If the Company is unable to complete a Business Combination within the Combination Period, as extended by a stockholder vote, if any, the Company will (i) cease all operations except for the purpose of winding up, (ii) as promptly as reasonably possible but not more than ten business days thereafter subject to lawfully available funds therefor, redeem 100% of the Public Shares in consideration of a per-share price, payable in cash, equal to the quotient obtained by dividing (x) the aggregate amount then on deposit in the Trust Account, including interest not previously released to the Company to pay its taxes (less up to $100,000 of such net interest to pay dissolution expenses), by (y) the total number of then outstanding Public Shares, which redemption will completely extinguish rights of the Public Stockholders (including the right to receive further liquidating distributions, if any), subject to applicable law, and (iii) as promptly as reasonably possible following such redemption, subject to the approval of the remaining stockholders and the Board in accordance with applicable law, dissolve and liquidate, subject in the case of clauses (ii) and (iii) to the Company’s obligations under the DGCL to provide for claims of creditors and other requirements of applicable law.

You are not being asked to vote on the Business Combination at this time.
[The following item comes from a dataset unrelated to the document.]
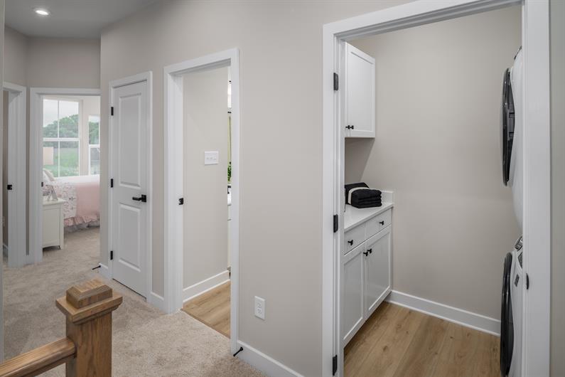 Perched atop the Matisse, this unique two-level home is designed to be both practical and stylish. The first floor features plenty of room and an open floorplan that lets light flow through the entire area. A living room and separate dining area make entertaining a breeze – or choose the optional study and work from home. A powder room and coat closet are conveniently located just off the stair. The kitchen is a gourmet’s dream with huge work island and pantry cabinet. The dinette is perfect for cozy dinners at home and is open to the Family Room. Don’t forget to add the fireplace for even more warmth. A covered porch brings the outdoors in. Upstairs is a truly magnificent Owner’s Suite featuring dual walk-in closets, sitting area, and a bath with an oversized shower, dual vanities and a compartmentalized water closet. You can choose to upgrade to a separate soaking tub and shower for a spa-like feel. Past a convenient linen closet and 2nd floor laundry are two generous bedrooms and a bath with a double bowl vanity. The Picasso comes standard with a one-car garage.

If the Second Extension is implemented and you do not elect to redeem your Public Shares, provided that you are a stockholder on the record date for a meeting to consider the Business Combination, you will retain the right to vote on the Business Combination when it is submitted to stockholders and the right to redeem your Public Shares for cash in the event the Business Combination is approved and completed or we have not consummated a Business Combination by the Second Extended Date, subject to any extensions permitted by our Charter or by a vote of our stockholders.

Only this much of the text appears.